Dewa masih berkutat di depan komputernya. Kali ini pikirannya sedang jenuh dan tidak menghasilkan apa pun untuk ide scriptnya.
“Waktu lo tinggal lima hari lagi, Wa. Pak Daniel ingin segera membaca naskah elo,” Sinta menatap lekat wajah Dewa dengan lensa minusnya. Ada pendar kekesalan di wajah gadis itu. Naskah yang dijanjikan Dewa belum selesai juga.
“Gue lagi nggak konsentrasi, Sin. Semua imajinasi gue buyar dan gue nggak bisa ngelanjuti ceritanya.”
“Itu masalah elo. Gue nggak mau tau alasan apa pun yang elo utarakan. Yang penting elo menyelesaikan naskah itu dalam waktu lima hari. Karena elo sudah menandatangani surat perjanjian kerjasama dengan mereka. Gue hanya mengingatkan lo dan gue nggak mau bisnis kita berantakan hanya karena kecerobohan lo, Wa.” Sinta sedikit meninggikan suaranya, kemudian beranjak dari ruangan Dewa dan meninggalkannya. Dewa hanya melihat kepergian gadis itu dengan jalan yang gemulai.
Gadis itu memang menarik perhatiannya sejak pertemuan pertama. Wajahnya cantik dengan rambut yang dibentuk sedemikian rupa. Namun sebagai atasan dan sekretaris di salah satu perusahaan rumah produksi, Sinta harus bersikap profesional. Sinta nggak mau hubungan asmara dan cinta disangkut pautkan dengan pekerjaan.
Mereka memang sudah jadian beberapa bulan yang lalu. Namun teman-teman lain tidak ada yang tahu, hingga Jhonatan, seorang Line Produser juga jatuh cinta pada Sinta.

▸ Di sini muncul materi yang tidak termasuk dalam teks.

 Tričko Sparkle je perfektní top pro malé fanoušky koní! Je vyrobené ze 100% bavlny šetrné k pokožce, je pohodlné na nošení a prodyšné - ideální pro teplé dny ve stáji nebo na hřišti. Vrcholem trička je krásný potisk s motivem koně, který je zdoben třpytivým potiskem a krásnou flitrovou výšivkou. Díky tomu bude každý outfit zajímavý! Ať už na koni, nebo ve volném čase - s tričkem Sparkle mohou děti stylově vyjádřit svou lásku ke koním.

Dewa terduduk di kursinya dan bersandar sambil menghela berat. Ia memperhatikan layar monitor komputer yang sama sekali masih kosong. Tenggat waktu yang dijanjikan tinggal lima hari lagi.

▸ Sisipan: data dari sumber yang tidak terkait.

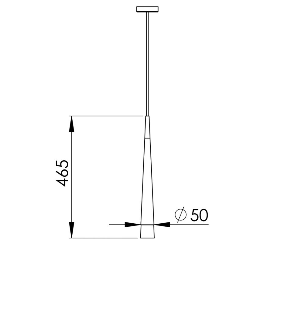 Ein kegelförmiger Metallschirm bietet dem Leuchtmittel der Pendelleuchte Lancetta 2 eine hochwertige Reflektionskammer. Bei metallischen Oberflächen sind RAL Farben oder spezielle Oberflächen wie Chrom oder Edelstahloptik möglich.
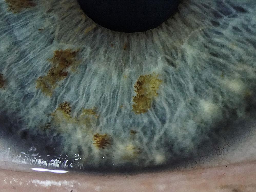 Close-up image of a human eye showing detailed iris texture and reflection, with a ZEISS lens visible.
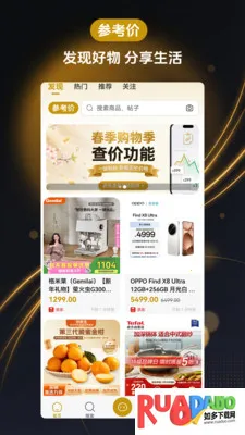 参考价比价软件是生活购物助手,聚合多平台商品信息,能搜索对比价格、查历史价,展示价格趋势。新版上线春节专题,汇集年货好物,可快速查价防虚假促销,助你理性消费,让生活更简单。
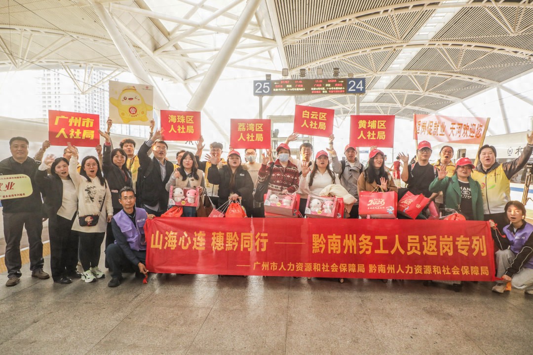 “广州,我们回来啦!”2月22日(农历正月初六)下午5:31,满载着约600名贵州籍务工人员的“山海心连 穗黔同行”返工专列(G2265都匀东——广州)准点驶入广州南站。这趟由广州市人力资源和社会保障局联合黔南州人力资源和社会保障局精心组织的返工专列,为务工人员铺就了一条“出家门、上车门、到厂门”的暖心通道,是全力支持广州企业春节不停工不停产的重要举措。
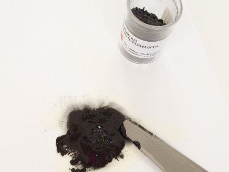 Sekoita värijauhe ja kynäöljy huolellisesti palettiveitsellä kaakelin päällä.
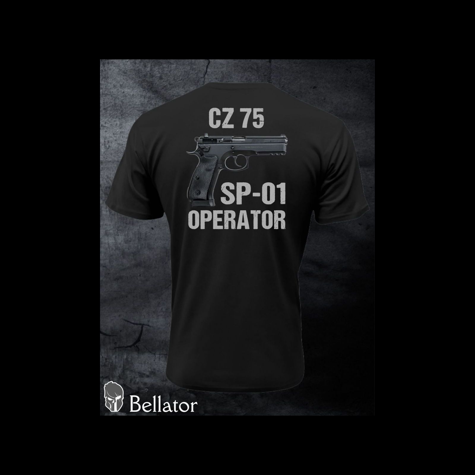 - The CZ 75 SP-01 weapon is depicted on the front on the left breast. The main motif of the weapon is located on the back along with the inscription OPERATOR.

“Mana mungkin gue menyelesaikan naskah itu dalam waktu lima hari? Bulshit!” Dewa menggerutu sendiri.
Dewa berusaha mengembalikan konsentrasi cerita itu ke dalam tulisan. Berkali-kali dicobanya dengan membuat adegan-adegan mengerikan, namun tak kunjung tertuang dalam komputernya.
“Sial! Kemana ide-ide itu? Oh my God, help me please...!” rutuknya lagi.
Dewa menebarkan pandang pada ruang kerjanya, kemudian memperhatikan ruangan-ruangan lain. Teman-teman kerjanya sibuk dengan urusan masing masing. Ada yang ngobrol membicarakan proyek perusahan, ada juga yang hanya sekedar ngopi sambil mondar-mandir.
Sampai beberapa jam kemudian, Dewa belum juga menemukan ide cerita itu. Asbak sudah penuh dengan puntung rokok dan abunya mengotori meja kerja. Dia benar-benar stak di jalan. Bahkan untuk memulainya saja sulit.
Hingga sore menjelang Dewa belum juga menuliskan sebaris kalimat pun di komputernya. Entah mengapa kali ini ia benar-benar menjadi penulis yang bodoh. Untuk menulis satu kata aja sangat sulit. Seperti ada kekuatan gaib yang menahan tangannya untuk mengetik kata-kata itu.
“Lembur lagi?” tanya Sinta yang berdiri di depan pintu.
“Gue belum dapat ide, Sin... Gimana nih?”
“Trus gue harus ikut-ikutan lembur juga? begitu? Gue nggak bisa, Wa. Gue ada janji ama mama, jadi gue pulang duluan,”
“Siapa yang ngantar elo?” tanya Dewa cepat.
“Gue dijemput ama supir,”
“Ohh... Okey, hati-hati,”
“Ya. Dan elo harus menyelesaikan naskah itu malam ini. Gue jalan dulu ya...”
“Gitu aja?”
Sinta memelototkan matanya.
“Ayolah, Sayang...” pujuk Dewa merayu.
Kemudian Sinta masuk dan mengecup kedua pipi Dewa dengan cepat.
“Kenapa cuma itu?”
“Huussttt... Lagi banyak anak-anak. Elo mulai nakal ya,” Sinta mencubit lengan Dewa hingga ia memeki kesakitan.
“Aouww...”
“Rasain. Udah ah gue pergi dulu,”
“Ya.”
Sinta berlalu keluar dari ruangan Dewa sambil meninting tas tanganya. Dewa hanya menatapnya sambil tersenyum. Kemudian ia duduk kembali di kursinya sambil memandangi layar monitor komputernya.